Она, очевидно, поверила каждому слову в письме, не подозревая, что я был не торгующийся, плохо владеющий синтаксисом сексот и информант, а русский писатель, творческий человек, и меня «понесло».

11

Тамара ответила, что ценит мою «моральную ответственность» и «сильный характер».

Что понимает, что нарушение конфиденциальности может мне стоить карьеры и подвести под статью.

Что осознает, что я «пожертвовал собой ради нее».

Она умоляла меня подождать, прежде чем исчезать и обещала «все рассказать, дайте только собраться с мыслями, дорогой мистер Эспозито».

Прося чуть-чуть обождать, она открыла для меня приватные записи в дневнике, куда я сразу же, как в омут, кинулся, с жаром и страстью прочитывая то, чего раньше не знал.

Тем временем ей, видимо, удалось запечатлеть — когда я пошел по ссылке в ее дневник — мое IP.

Я написал ей еще одну записку, спрашивая, под каким предлогом ее уволили с рабочего места — я хотел узнать все перипетии, все ее мысли и чувства из ее собственных рук. Как героиня моего нового текста, Тамара должна была говорить сама за себя!
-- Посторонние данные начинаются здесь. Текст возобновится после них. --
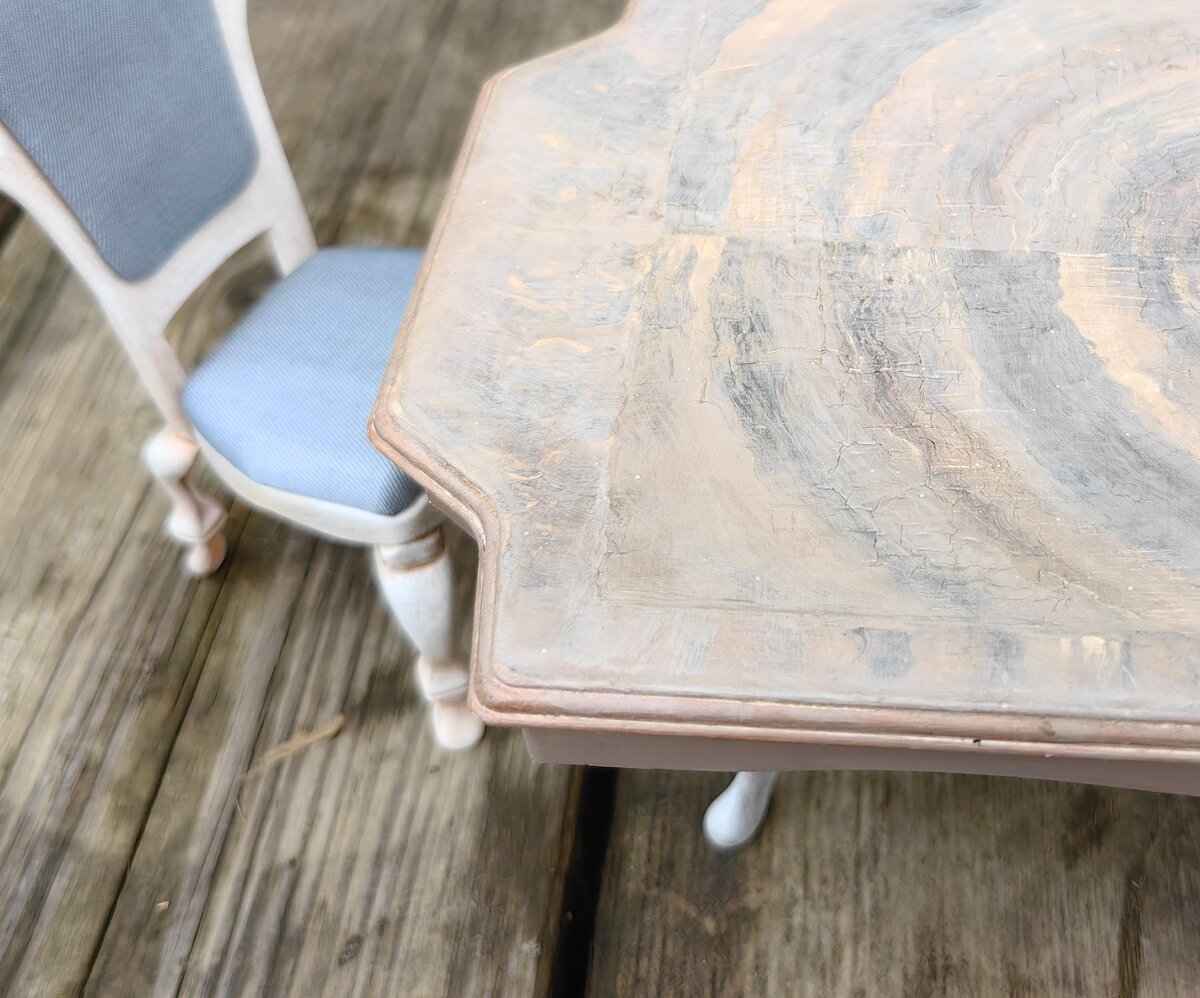 И вот споткнулась я об стол. Намудрила со столешницей. Слой краски оказался толстым и Цапон разорвал его, образовав большие неприятные бугры и волны. На этом я и отложила аж на 2 года всю свою переделку, пока не достала этим летом все свои недоделки, чтобы посмотреть что тут можно исправить и сделать. Стулья меня по-прежнему устраивают. А вот стол совсем нет.

Моя героиня просила меня не торопиться.

Я настаивал и написал ей еще раз.

Она еще раз попросила меня подождать и умоляла меня «держать все линии коммуникации абсолютно открытыми», чтобы она в любой момент могла мне что-нибудь сообщить.

Я ответил, что жду.

Она явно тянула время — и я стал подозревать ее в двойной игре. «Моя героиня удрала со мной такую штуку!» — такие в моей голове вертелись слова.

Жизнь, как всегда, подлила масла в креативный огонь. Во время моей «бурной» переписки с Тамарой американскую прессу наводнили статьи о библиотечных работниках, борющихся против Patriot Actи отказывающихся выдавать спецслужбам списки прочитанных книг подозреваемых в терроризме. Из гневных статей оппонентов закона выходило, что за каждым американцем неугодного вероисповедания, расы и пола — преследуя якобы невинную цель борьбы с терроризмом — следят.

Только я успел занести предыдущий параграф в каждодневно пишущийся мной рассказ о Тамаре, как она неожиданно обрубила мне доступ в свой приватный дневник. Пытаясь понять, почему она перестала со мной общаться, я осознал, что прокололся, по ошибке зайдя в ее дневник не с публичного компьютера в библиотеке соседнего городка, куда ездил, чтобы отвести от себя подозрение, а с рабочего, оставившего на белом снегу ее дневника четкий след «Зеллерман Инк».